I agree that the goal is to make it easier to use Nutch in the future,
not harder. And I am not saying we should move away from hadoop. I am
saying that currently people use nutch for different purposes (vertical,
www, solr, intranet) and what is the best way for nutch to evolve in the
future to support that? Definitely want to keep an eye on how people
are using Nutch.
Dennis
John Martyniak wrote:
I think that this would be the case for making Nutch a top level Apache
Project. So that you can publish the framework and a complete app but
still tie it all together. Because personally I think that is the
strength of Nutch, that you can use it right out of the box, without
programming. But all of extensibility (customization) is there so that
you can extend it if you so desire.
-John
On Mar 14, 2009, at 9:44 AM, consultas wrote:
I am using Nutch for more than four years now, as a vertical search
engine, having indexed, some times, over one million pages. On the
other hand, I dont know nothing about programming and some specialized
aplications. Words like solr and others are like aliens for me.
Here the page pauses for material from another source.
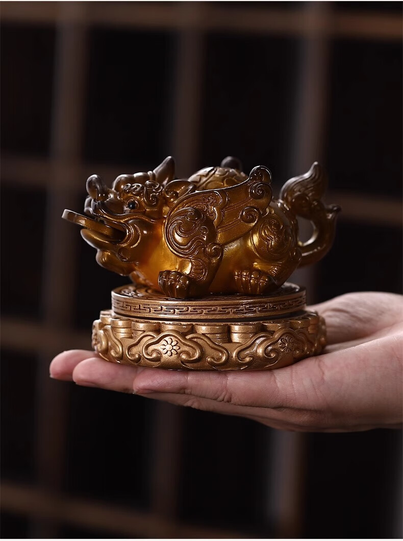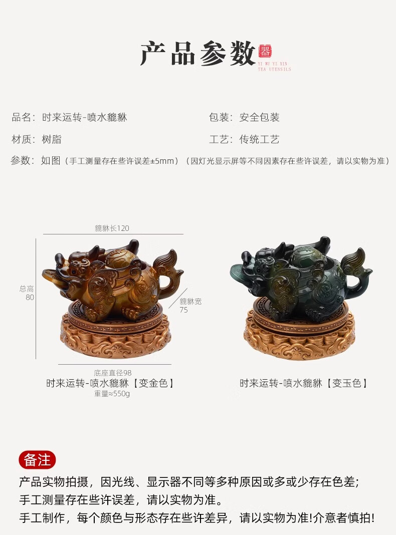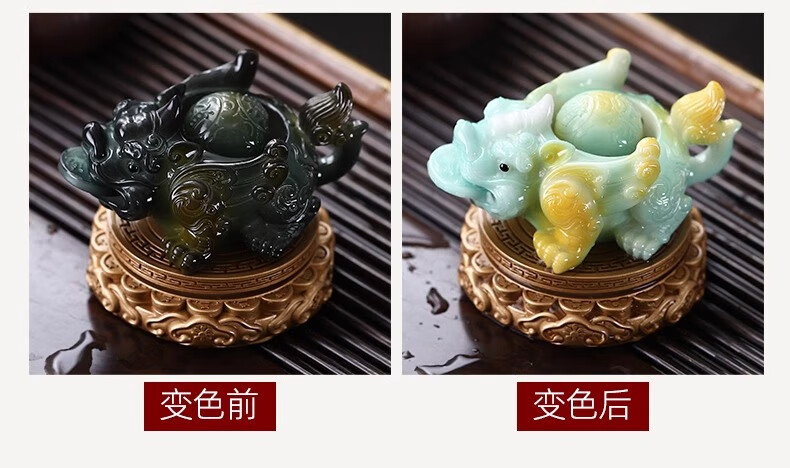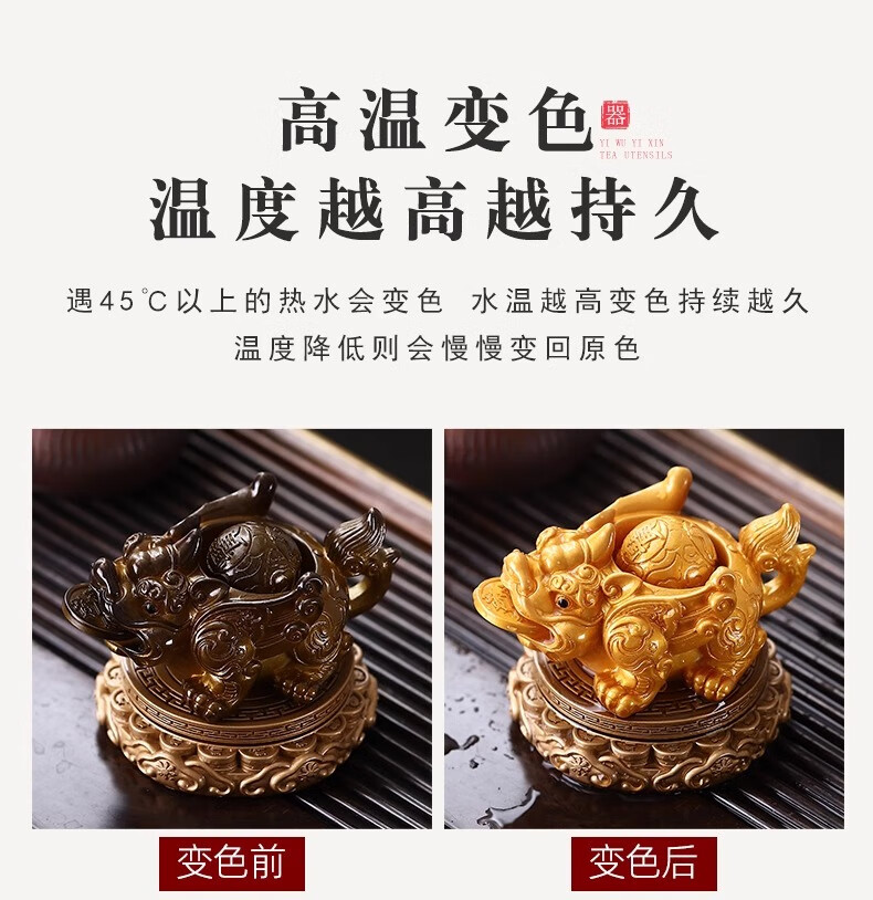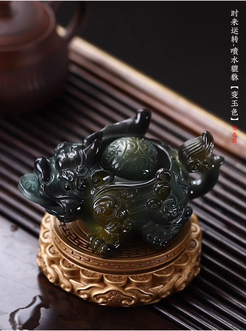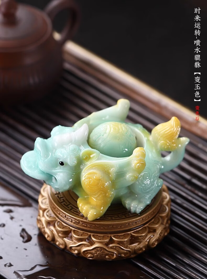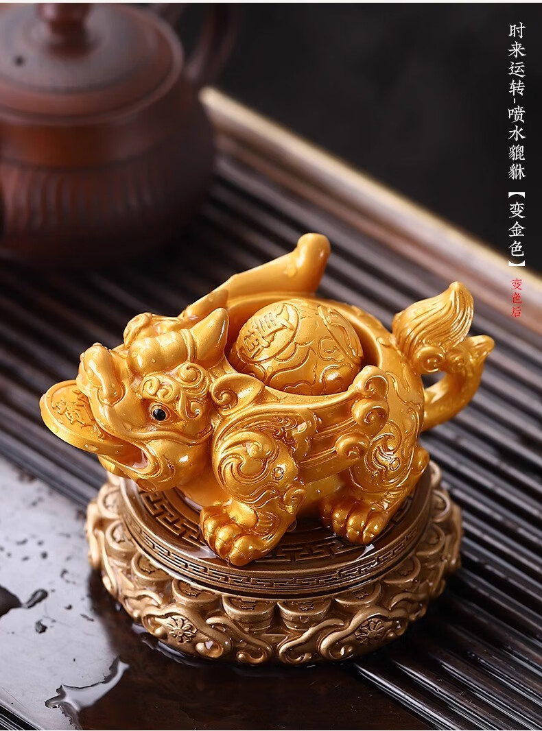 Cha Xiao'er's color-changing tea pet comes and goes, Pixiu tea table, tea table ornaments, tea table decorations, high-end tea set decorations, rotating - water spray Pixiu (turns gold) + gift box

I am
just interested in a search engine that someone can, really, use and
not an application that serve as a base for developping sophisticated
models.
So, what I, personally want for the future of Nutch is that it does
not turn in such a complicated aplication that just some very skilled
people can use.
So I hope that Nutch keeps, allways, an eye on the real users, that
want it for plain searching.
Thanks
----- Original Message ----- From: "Dennis Kubes" <ku...@apache.org>
To: <nutch-user@lucene.apache.org>
Sent: Friday, March 13, 2009 9:19 PM
Subject: The Future of Nutch
With the release of Nutch 1.0 I think it is a good time to begin a
discussion about the future of Nutch. Here are some things to consider
and would love to here everyones views on this
Nutch's original intention was as a large-scale www search engine. That
is a very specific goal. Only a few people and organizations actually
use it on that level. (I just happen to be one of them as most of my
work focuses on large scale web search as opposed to vertical search).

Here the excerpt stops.